AnxietyRanger
Well-Known Member
It may be helpful to consider a little history here. The Model S was designed assuming that the primary means of charging would be 240V AC at 40-80A. The ability to DC charge was included to enable road trips, and the first superchargers were 90kW max. The expensive CHAdeMO adapter was made later to accommodate those owners who traveled in areas where CHAdeMO was prevalent before the supercharger network was built out enough. I can't imagine that anyone at Tesla considered that owners would use CHAdeMO as the primary means for charging their Model S. That's not just an edge case, as Elon might say, but far over the edge. Even three years after the CHAdeMO adapter became available, the number of cars using it as their primary means of charging must still be a rounding error in the size of the Tesla fleet.
So to those who use CHAdeMO for your routine charge, if after several hundred of those charges your supercharging sessions don't go over 90kW in order to protect the battery (which is what my 60 is limited to anyway), I just don't get the outrage.
I have no problem with that description, though I'd add we have a data point of 1% affected, so not a rounding error anymore?

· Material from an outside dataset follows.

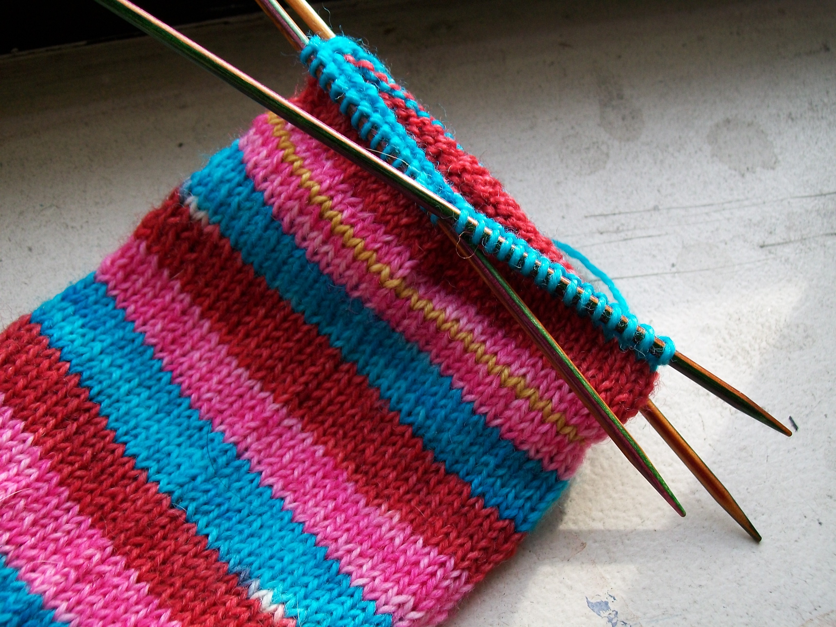 The afterthought heel is super easy- when you get to the point where you want to start the heel, you knit half the stitches on one round with waste yarn (the yellow line of stitches in the pic above). Then, after you’ve finished the leg, you remove the waste yarn and put the live stitches back on your needles and knit the heel. (I just decrease like you would for a toe, and it comes out pretty well.)
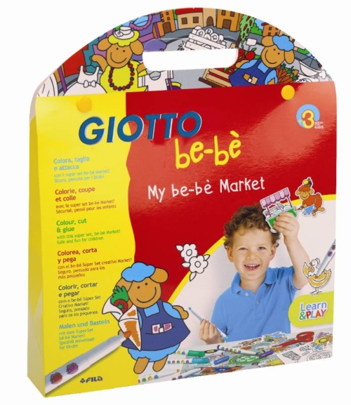 MY BEBE’ MARKET – contiene 12 pennarelli, 1 scenario gioco, 25 stickers adesivi e 1 forbicina in plastica

That said, if it really is no problem in the big picture, why not just readily describe and disclose? We still don't know who and how this affects people, so that they can beware. Why no warnings anywhere in the wider materials? Tesla obviously has known about this since we know of three, four cases of techs at Service Centers talking about this to customers.
Just post it sufficiently clear and big somewhere, people can beware DC charging within some stated tolerances and that's it.